In the Facebook Historical Linguistics & Etymology group, Gary Rawding asks:·
Kulthum… as in Um Kulthum (ام كلثوم) ??
Wikipedia gives ‘from elephant’ but no source.
I don’t find kulthum in Lane or Wehr. Maybe it is Persian or Turkish ? Can somebody help me ?
I’ve long been familiar with Umm Kulthum and had wondered about her name, so I read the thread eagerly. After some unsourced speculation (“Kulthum means cheek in Arabic. So a woman who is an ‘um Kulthum’ is a woman with a face that has a big fleshy cheek”), Nane Limon Dada wrote:
It is unlikely that the name Kulthum would be Arabic in origin because of its rare morphological stem and because it is untraceable to any Proto-Semitic root. Another meaning to add what the respondents suggested above is “elephant”. This is suggestive to a Indo-Iranian root as the animal fauna indicates a potential geographical candidate. However, I couldn’t locate any cognate in the comprehensive dictionary of Indo-Iranian languages on University of Chicago’s webpage. We find in a work, a modern onomistics miscellany some interesting suggestions, Sijill Asma al-Arab, v.4., p. 2245. The cognate is proposed as كلتوم “kultuum” too hence invoking an idea for a historical defricitization in pre-classical-Arabic as the name goes back to one of the poets of the Pre-Islamic poetry that was listed in the Seven Hanged Poems, Amr Ibn Kulthum. If so, the transition must have been realized earlier. In the Sijill, كلتوم گلبهار (kultum gholbahar) is proposed as an attestation of its example. However the كلتوم is not analyzed, at all. This may inspire for another consideration for a compound phrase and a lexical search within the Indo-Iranian background, though. Also, it is proposed in line with zoological “elephant” association that the meaning can be cognate with a Latin root كلريوس (Cellarius?) well-known an “lizard”. [Google Books link] The feminine beauty in the Classical Arabic was represented through the natural fauna as well as flora like the premature born (lamb) Khadija etc. The selectivity of the motifs could be explained in their perception of the world consistently and in an ideal beauty given the semiotics of the meaning, that of course presupposes an intertextual reading effort. Therefore, the modern audience should avoid the modern metaphorical esthetization of femininity for its interpretation not to be misled.

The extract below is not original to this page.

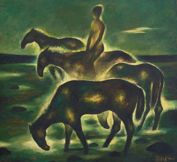 这个时期,东方的与西方的、传统的与现代的、感性的与理性的,不断发生碰撞、试探、调整,直到找到一种和谐而有力的共存方式。文化层面的“融合”,绝对不是一次性的行为,而是一个持续精进、逐渐深化的过程。早期的融合可能更侧重于视觉语言层面,随着实践的不断推进,他的融合上升到了精神层面。他笔下的形式语言既是画面构图与审美需要,更重要的是承载了更厚重的对生命、自然、信仰的哲学思考。在上海,他将自己的作品放入一个完全不同的话语体系中进行展示和评判,他想证明其作品不仅具有“民族特色”,更具有现代性和普世性的艺术价值,他想用作品本身的力量去赢得尊重和认可。由此我坚信,孤独感反而滋养了这种向内探索的深度。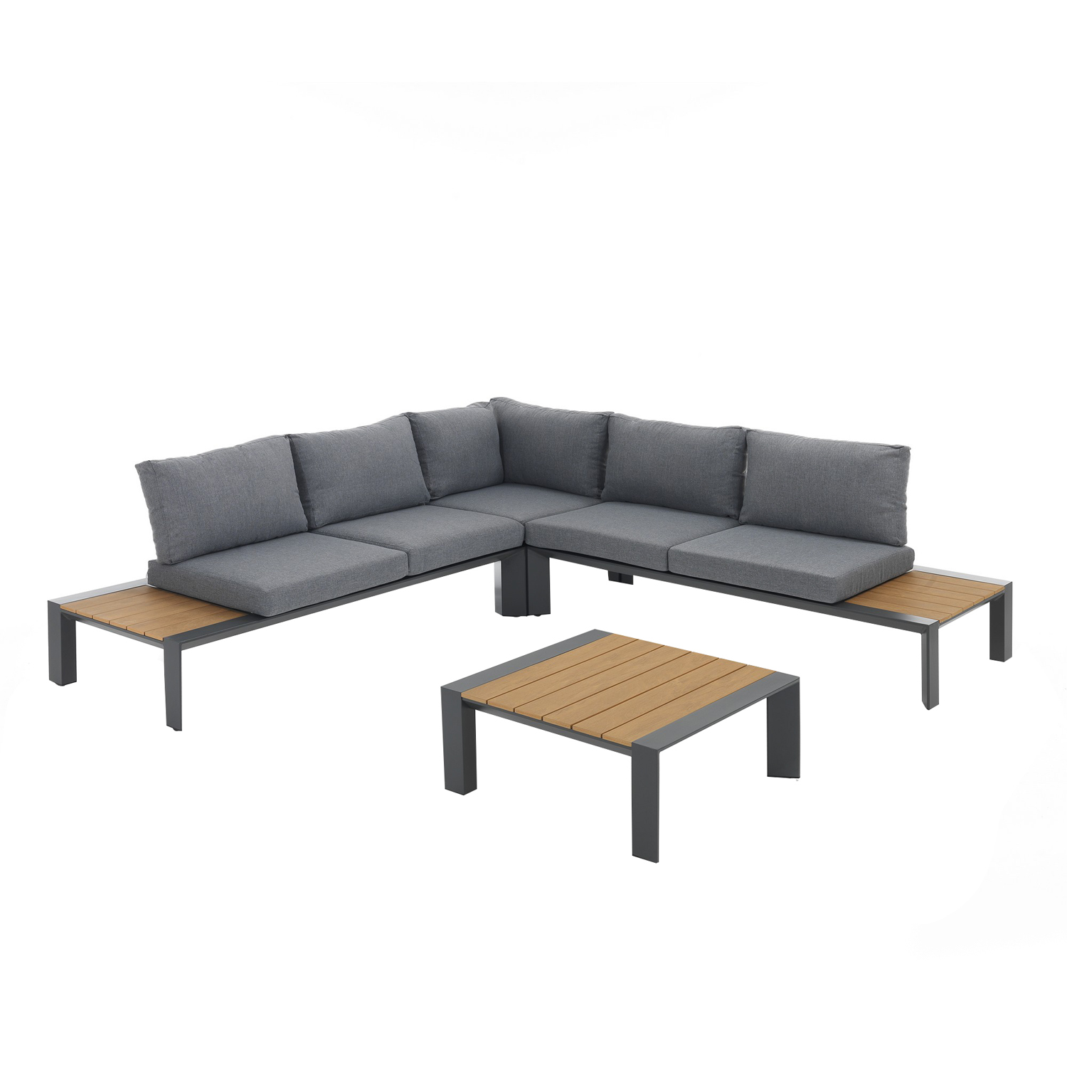 Il salotto Valdis completa la decorazione del tuo giardino con il tocco di stile che cerchi. È realizzato da OresteLuchetta, brand del gruppo Tomasucci che garantisce qualità ed innovazione. Questo modello trasferisce all'esterno il comfort del tuo salotto, combinando una resistente struttura in alluminio e legno con finitura rovere con i morbidi cuscini rivestiti in poliestere di colore grigio, sfoderabili e sofficissimi. Il set include un 1 bellissimo divano angolare: H.80 x L.244 x P.244 cm portata massima 200 kg ed un grazioso tavolino da tè: H.33 x L.74 x P.74 cm.

I don’t have enough background to know how much sense any of that makes, and I welcome the thoughts of the assembled Hatters.
Unrelated except that it involves Egypt, Slavo/bulbul has alerted me to “Early alphabetic writing in the ancient Near East: the ‘missing link’ from Tel Lachish,” by Felix Höflmayer, Haggai Misgav, Lyndelle Webster, and Katharina Streit. Looks intriguing.